Midnight in Paris

Teo Lorini



Raramente Woody Allen era partito così in svantaggio.
Non stiamo parlando della sfiducia standard dei fan delusi da troppo tempo e da troppi film malriusciti, di quelli ormai fatalisti che scandiscono il mantra: «Perché deve dirigerne così tanti? Uno ogni due-tre anni sarebbe perfetto. A questo ritmo è inevitabile che gli vengano male», poi aggiungono il colpo sotto la cintura: «ha retto finché ha potuto, ma ora è chiaro che non ha più l’età» e infine concludono con l’elenco delle pietre miliari: «Stiamo parlando del regista di Amore e guerra, di Io e Annie, di Zelig – Zelig! Ti rendi conto??- della Rosa purpurea, di Hannah e le sue sorelle, di Radio Days, Crimini e misfatti, Mariti e mogli, …» e così via.
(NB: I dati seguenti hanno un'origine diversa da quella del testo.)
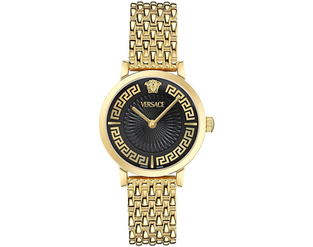 Kvarts Naine Käekell Versace VE0A00525, Roostevaba teras korpusega, läbimõõduga 35 mm, Safiiri töötlusega mineraal klaasist, Must sihverplaadi ja Kuldne Roostevaba teras rihm.

Oltre lo stadio del fatalismo c’è l’abbandono (chi scrive, è giunto a questa fase dopo la delusione di Match Point) e oltre l’abbandono c’è tornare a vedere un film di Allen dopo ore di lavoro monotono in quella condizione di tedio ontologico che solo una domenica svizzera sa regalare.
Partendo così, è inevitabile che la tentazione della fuga si faccia allettante già ai primi minuti di film: un montaggio di inquadrature fisse di una Parigi coloratissima e plastificata che pare la caricatura del meraviglioso inizio di Manhattan. A quel punto appare Owen Wilson (sì, proprio quello di Zoolander e 2 single a nozze) e per trattenerti ci vuole tutta la dolcezza e la pazienza di una Persona Speciale. Io l’avevo e ho resistito.
Da quel momento e in pochi minuti Allen ribalta la situazione con la levità inavvertibile dei suoi momenti più felici e, come in un gioco di prestigio, si comincia a tifare per Gil Pender, sceneggiatore di manovalanza hollywoodiana che non ha ancora abdicato alle sue ambizioni letterarie e che torna nella Parigi della sua giovinezza con la fidanzata bella e odiosa e i di lei genitori (una coppia di raccapriccianti repubblicani cui Woody riserva un paio di battute che alieneranno a questo film le simpatie dei Bush-fanatici d’Italia, a cominciare ovviamente dai coniugi Giuliano & Selma Ferrara). Sarà la magica mezzanotte parigina sui gradini di Saint-Étienne-du-Mont a regalare a Gil la via di fuga da un presente angoscioso e l’accesso alla golden age dei suoi eroi letterari (tra i quali spiccano un esilarante ‘Papa’ Hemingway perennemente in vena di disfide e una strepitosa Kethy Bates nei panni di Gertrude Stein).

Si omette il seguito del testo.